The problem is that where rust and C/C++ (and I think D) etc. set code unit boundaries differ.
In rust it's per crate. In C/C++ it's (oversimplified!!) per .h+.c file pair.
This has drawbacks and benefits. But one drawback is that it parallelizes less good. Hence why rust internally split one "semantic code unit" into multiple internal code units passed to LLM. So this is an additional level of parallelism to the -j flag.
In general this works fine and if people speak about rust builds being slow it is very rarely related to this aspect. But it puts a limit onto how much code you want in a single crate which people sometimes overlook.
But in the OP article they did run into it due to placing like idk 100k lines of code (with proc macors maybe _way_ more then that) into a single crate. And then also running into a bug where this internal parallelization somehow failed.
Basically imagine 100k+ line of code in a single .cpp file passing `-j` to the build to it will not help ;)
I think one important takeaway is that it could make sense to crate awareness about this by emitting a warning if your crate becomes way to big with a link to a in-depth explanation. Through practically most projects either aren't affected or split it into crates way earlier for various reasons (which sometimes include build time, but related to caching and incremental rebuilds, not fully clean debug builds).
> Hence why rust internally split one "semantic code unit" into multiple internal code units passed to LLM.
And the same has happened in C and C++ land, albeit in the opposite direction, where multiple compilation units can be optimized together, i.e.
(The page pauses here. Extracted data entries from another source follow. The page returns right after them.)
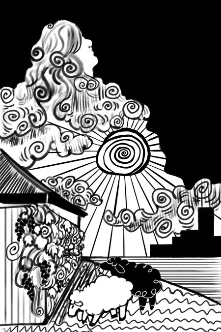 я попыталась применить признак кудрявости ко всей жизни кучерявого человека, таким образом показав некоторые мифы и предметы из повседневной жизни.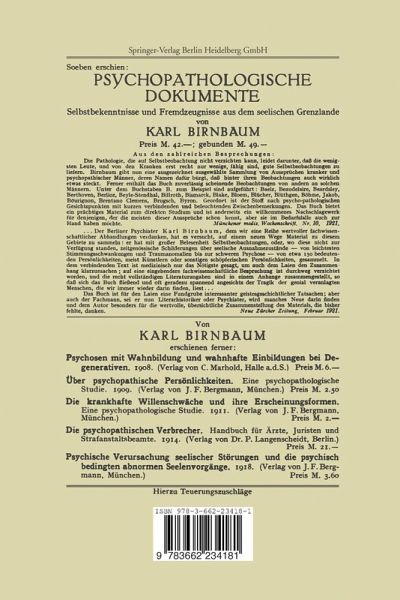 Inhaltsübersicht.- Das Gebiet der Kriminalpsychopathologie.- 1. Kapitel: Allgemeine Grundlagen der Kriminalpsychopathologie.- 2. Kapitel: Die kriminalpsychopathologischen Grundphänomene.- 1. Kapitel: Kriminalpathologie der Symptomenkomplexe.- 2. Kapitel: Kriminalpathologie der psychischen Krankheitstypen.- 3. Kapitel: Milieu und pathologisch bedingte Kriminalität.- 1. Kapitel: Allgemeine Orientierung.- 2. Kapitel: Die Verbrechens- und Verbrechertypen vom psychopathologischen Gesichtspunkt.- 3. Kapitel: Die jugendlichen Kriminellen und Verwahrlosten.- 4. Kapitel: Die weiblichen Kriminellen.- 5. Kapitel: Das naturwissenschaftliche Verbrecherproblem.- 1. Kapitel: Allgemeine Psychopathologie der Haft.- 2. Kapitel: Die Geistesstörungen der Haft.- 3. Kapitel: Die Simulationsfrage.- 4. Kapitel: Die Strafbehandlungswirkungen.- 1. Kapitel: Die theoretischen Grundlagen: Die strafgesetzlichen Normen.- 2. Kapitel: Die praktischen Aufgaben: Die kriminalforensisch-psychiatrische Begutachtung.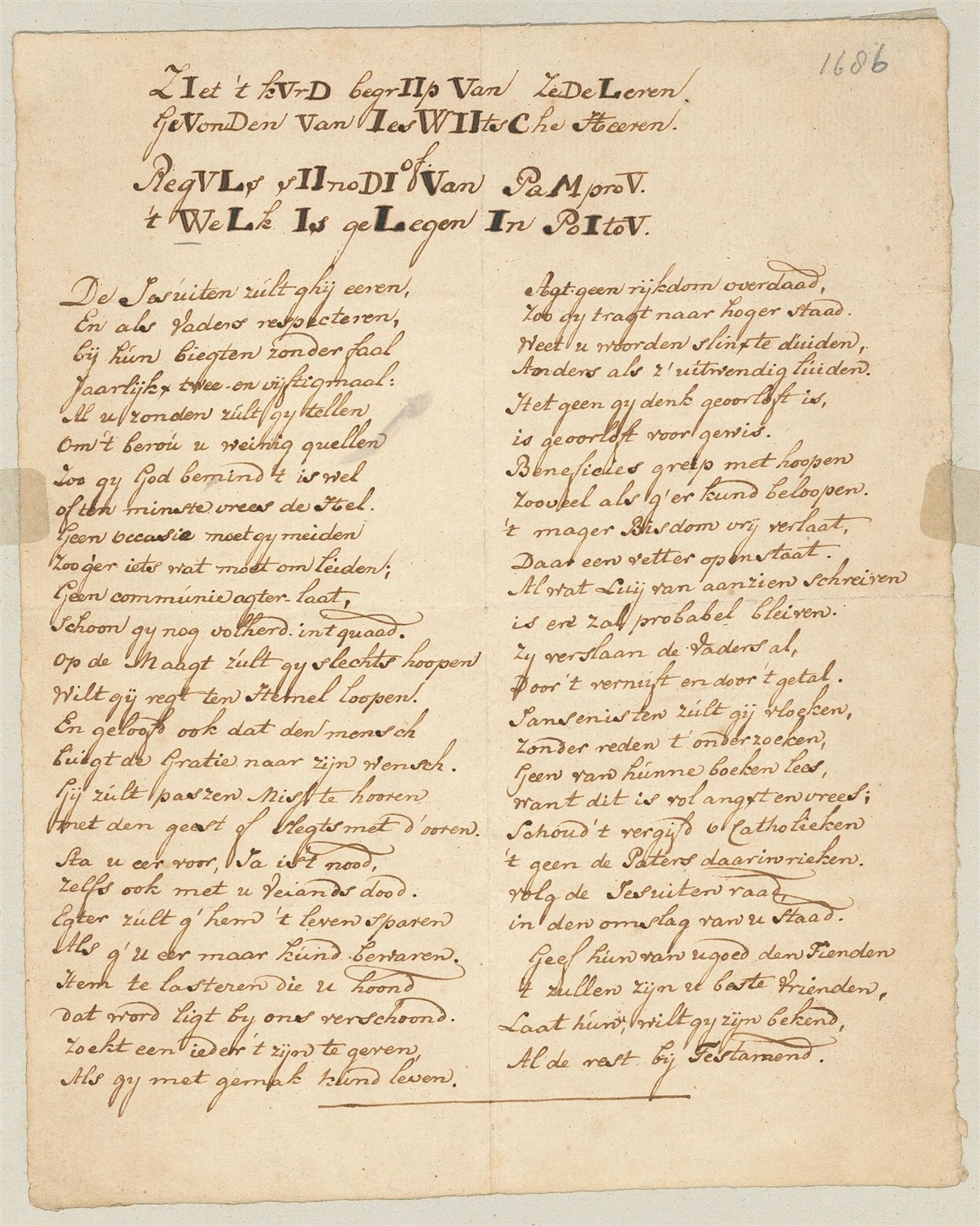 Tijdvers "ZIet 't kVrD begrIIp Van zedeLeren. geVonden van Ies WIItsChe heeren. RegvLs sIInodI of Van paMproV. 't weLk Is gelegen In poItoV", met gedicht "De Jesuieten zult ghij eeren ..."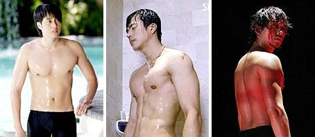 男演员最容易裸露的舞台就是作品中的沐浴戏和游泳戏。李成宰在电视剧《比天国陌生》播放初期,展现了自己王字型的腹肌,从而成为决定该剧成功的关键一步;《菜鸟上班族》中的吴志浩也通过播放初期的沐浴戏确认了自己模特出身的完美身材。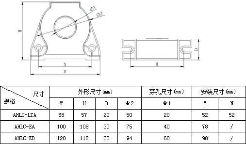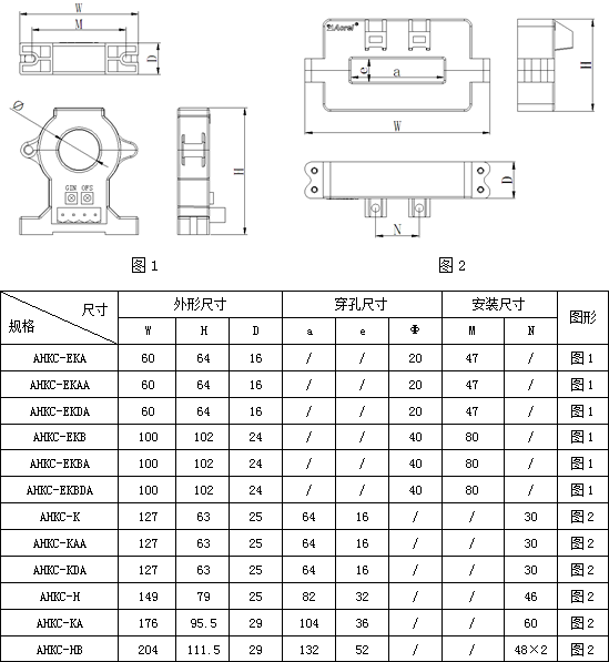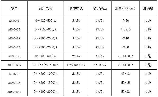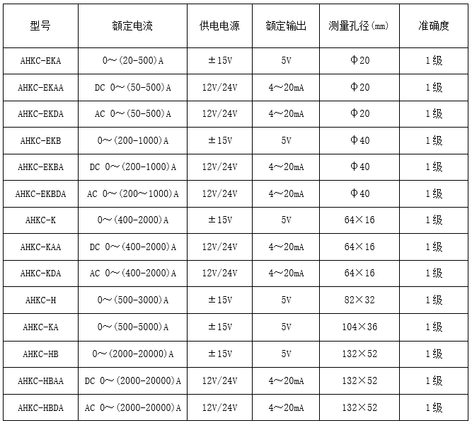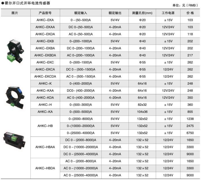 具體型號(hào):AHKC-EKAA DC300A/4-20mA● 開口式開環(huán)霍爾電流傳感器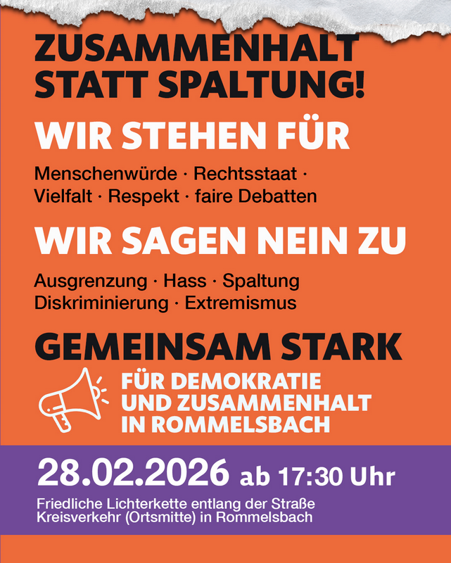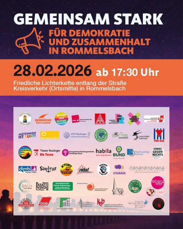 „Gott liebt alle“ wird als Quer-Banner an der ev. Martins-Kirche in Rommelsbach hängen. Das kann ein Treffpunkt in ökumenischer Verbundenheit als Christ*innen sein. Für die Menschen aus Rappertshofen werden noch ein paar Begleitpersonen gesucht. Falls jemand von Orschel-Hagen auf dem Weg an Rappertshofen vorbeikommt (oder 1 Station früher aus dem Bus an der Haltestelle Rappertshofen aussteigen könnte) – dann kann man sich direkt an Frau Preiß wenden: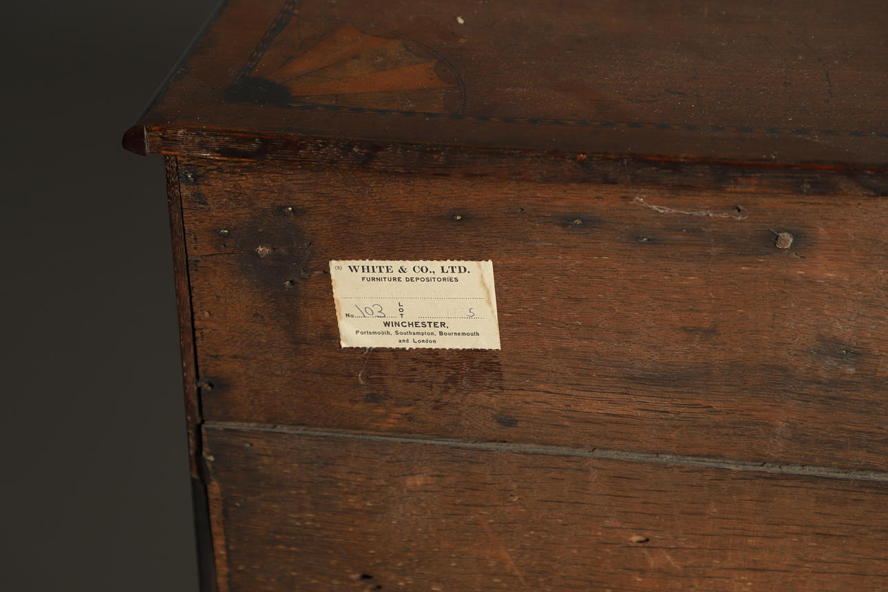 Allgemeine Gebrauchsspuren mit diversen Spuren, Kratzern, Verlusten und Rissen. Schublade laufen einigermaßen leichtgängig. Schließmechanismen, aber kein Schlüssel.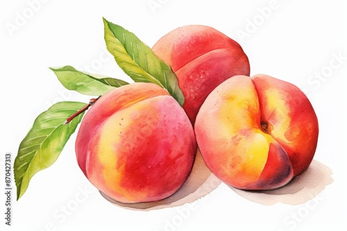 peaches in watercolor drawing isolated on white background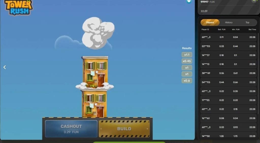 Tower Rush vereint Geschick, Risiko und Nervenkitzel in einem spannenden Mini-Casino-Spiel von Galaxsys. Das Ziel: eine möglichst hohe Turmstruktur bauen – und im richtigen Moment auszahlen, bevor alles einstürzt.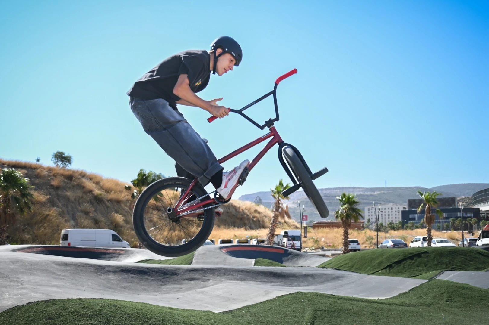 Yeşilova Mahallesi 4088 Sokak’ta yükselen proje, 11 dönümlük geniş alanda modern tasarımıyla dikkat çekiyor. Abide-i Hürriyet Meydanı ve KKTC Parkı gibi tematik alanların ardından hayata geçirilen parkta, pump track parkurları, güvenli sürüş alanları ve spor odaklı peyzaj düzenlemeleri yer alıyor. Çalışmaların tamamlanmasının ardından sadece çevre düzenlemesi yapılacak.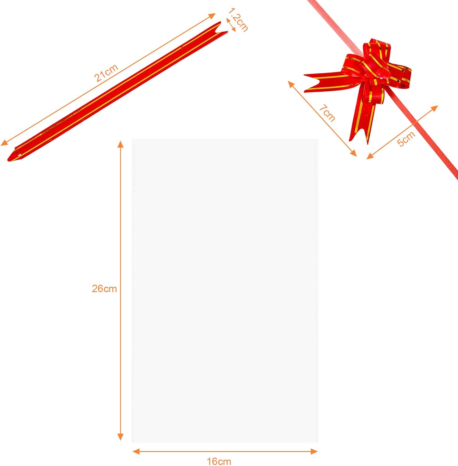 Confezione conveniente: 120 sacchetti di caramelle e 130 fiocchi con coulisse, quantità sufficiente. Materiale di alta qualità: i sacchetti per snack sono realizzati in materiale OPP di alta qualità, durevole e non tossico, riutilizzabile, perfetto per le forniture per feste di Natale. Misura adatta: 120 sacchetti da 26x16 cm, fiocchi con coulisse: 21 cm (L). Sono perfetti per conservare caramelle e regali e possono essere utilizzati con il cordoncino incluso per evitare che il contenuto cada. Ampia applicazione: questi sacchetti di cellophane sono adatti per caramelle, biscotti, ciambelle, cioccolatini, popcorn, frutta e piccoli regali, perfetti per decorazioni, regali e forniture per feste di Halloween. I tuoi dolcetti fatti in casa sembrano squisiti nei sacchetti trasparenti. Aumenta l'attesa per il Natale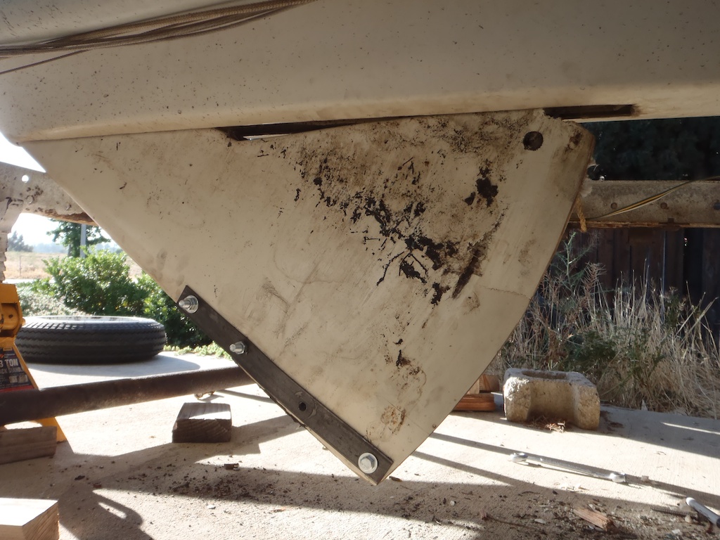That said, I used 2x6 boards and pushed right at a strong "wrinkle" in the hull. I think the force was very spread out and not a problem for the very stiff and thick M15 hull. There was no visible flexing or deformation of the hull at all. Honestly, I didn't need to apply much force to get the board down. I think the main problem I had before was that I couldn't get steady force in the correct direction, so nothing would make it move. The old centerboard was extremely brittle and would chip and fall apart whenever I tried to pry on it or grip it until I sandwiched it between those two heavy steel plates.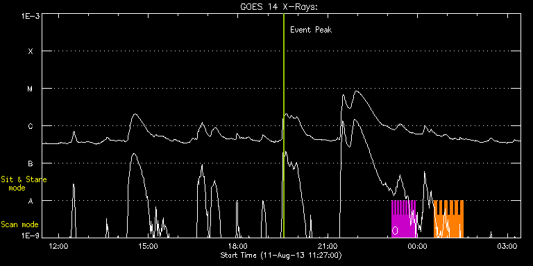 EIS Observation timeline overlay to GOES-Xray curve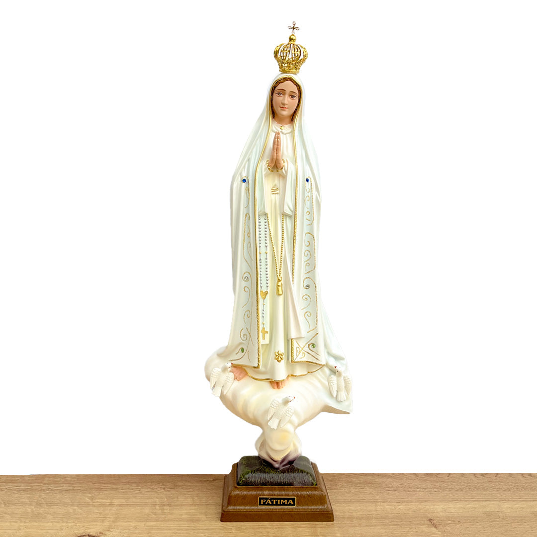 Esta estatua de 50 cm (19.6”), incluyendo la corona, es una representación sublime de Nuestra Señora de Fátima, inspirada en la imagen venerada en el Santuario de Fátima en Portugal. Su manto, pintado a mano en un tono blanco puro, resalta la pureza y serenidad de la Virgen María, mientras que sus ojos de vidrio añaden un toque de realismo y profundidad a su expresión.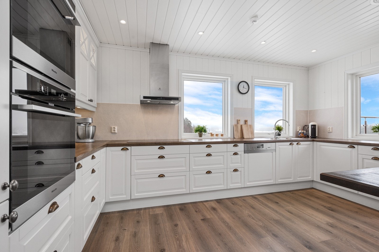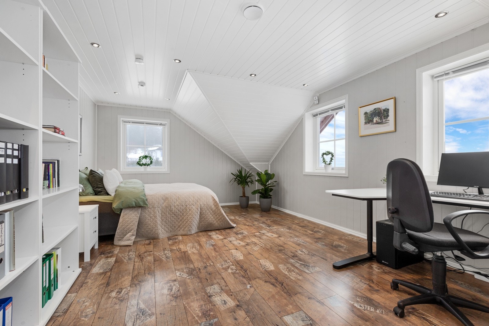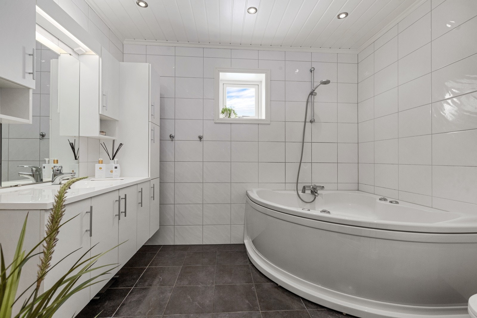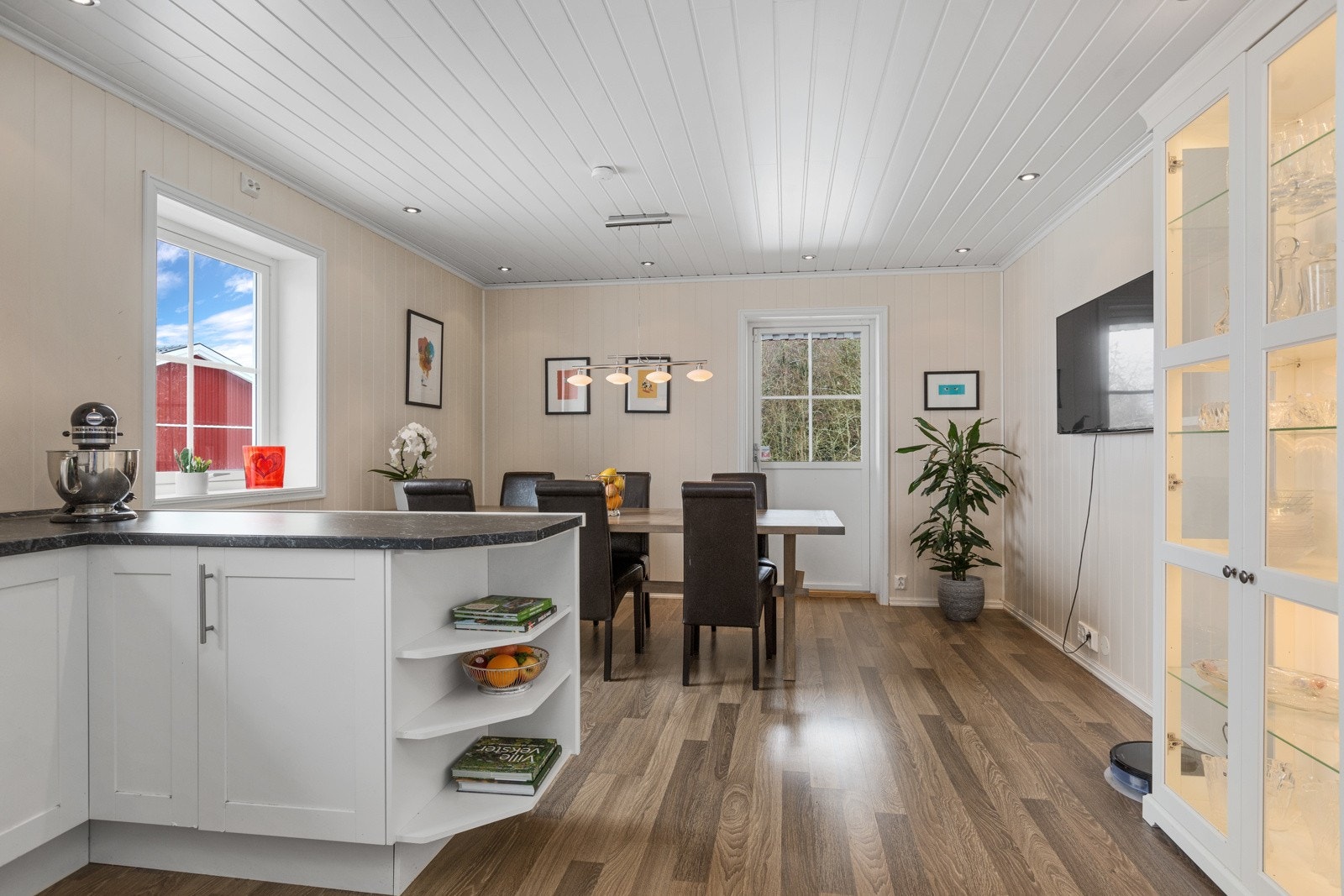 - Stort hovedhus med 4 soverom, 2 bad, stue med peisovn og 68 m2 terrasse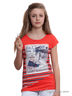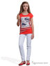 Футболка с ярким принтом спереди и на плече сзади. Круглый вырез и короткие рукава. Размер по росту в см.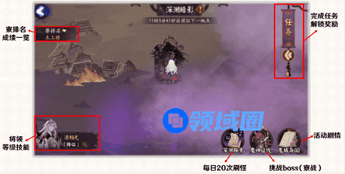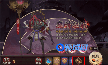 活动主要分为两个模块:探索&征伐,点击右下角可以直接进入。本次阴阳师将由将领替换,打完探索自动升级将领等级和技能,可点左下角切换将领技能。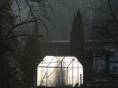 Ein stiller Sonntag. Der Himmel bedeckt. Ganz weiß. Es ist mild. Arbeit im Garten. Malen. Lesen.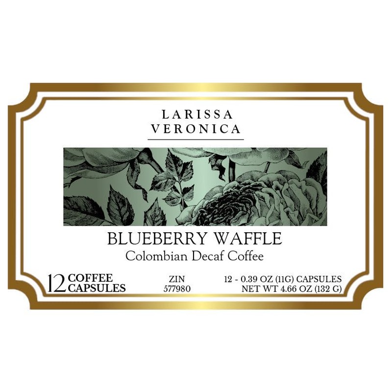 - You will enjoy our delightful Blueberry Waffle Colombian Decaf coffee in convenient coffee pods! These pods are compatible with single-serve k-cup brewing systems. - Our Blueberry Waffle Colombian Decaf coffee combines the tasty, naturally flavor of Blueberry Waffle with our decaffeinated medium-bodied Colombian Coffee. Our decaffeinated mild and less-acidic Colombian coffee is blended with a natural Blueberry Waffle flavor. - Ingredients: Decaffeinated Colombian Coffee and Natural Blueberry W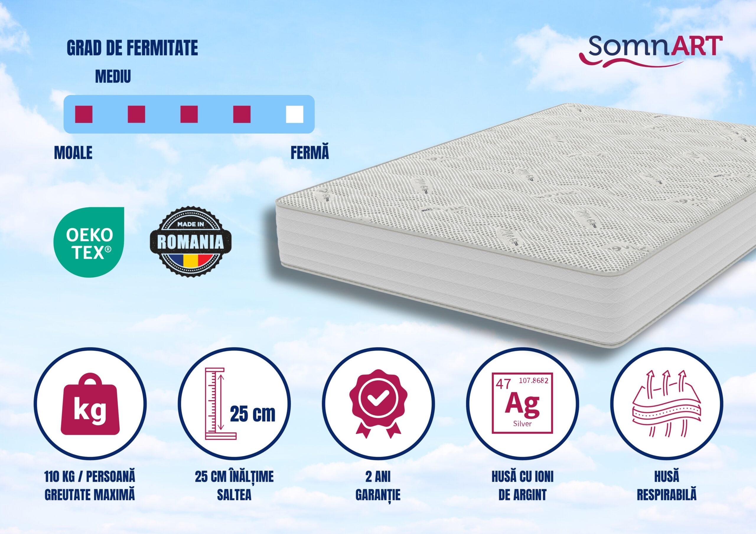 - Straturi confort: spuma poliuretanica 3 cm sus + 3 cm jos

LTO. See, e.g., GCC's -flto-partition option for selecting strategies for partitioning symbols for LTO.
Also note that you can manually partition LTO in your Makefile by grouping compilation units into object files to be individually LTO'd.
> C and C++ land, albeit in the opposite direction, [...] LTO
you also have that in rust to link different crates (and the internal splits for parallel compute) together
Which is exactly what this project is now able to do. Your parallel make jobs don't help if you have one gigantic compilation unit, as they originally did.
LTO can be parallelized, both implicitly from the Makefile, and also within the compiler. GCC's -flto itself takes an optional argument to control the number of parallel threads/jobs. See also the -flto-partition option for selecting symbol partitioning strategies.
Rust/Cargo does this automagically, except the only control you have are the crate and module boundaries. The analogous approach for C is to (optionally) manually group compilation units into a smaller set of object files in your Makefile, LTO'ing each object file in parallel (make -j), and then (optionally) telling the compiler to partition and parallelize a second time on the backend. Which is what Rust does, basically, IIUC--a crate is nominally the LTO codegen unit, except to speed up compilation Rust has heuristics for partitioning crates internally for parallel LTO.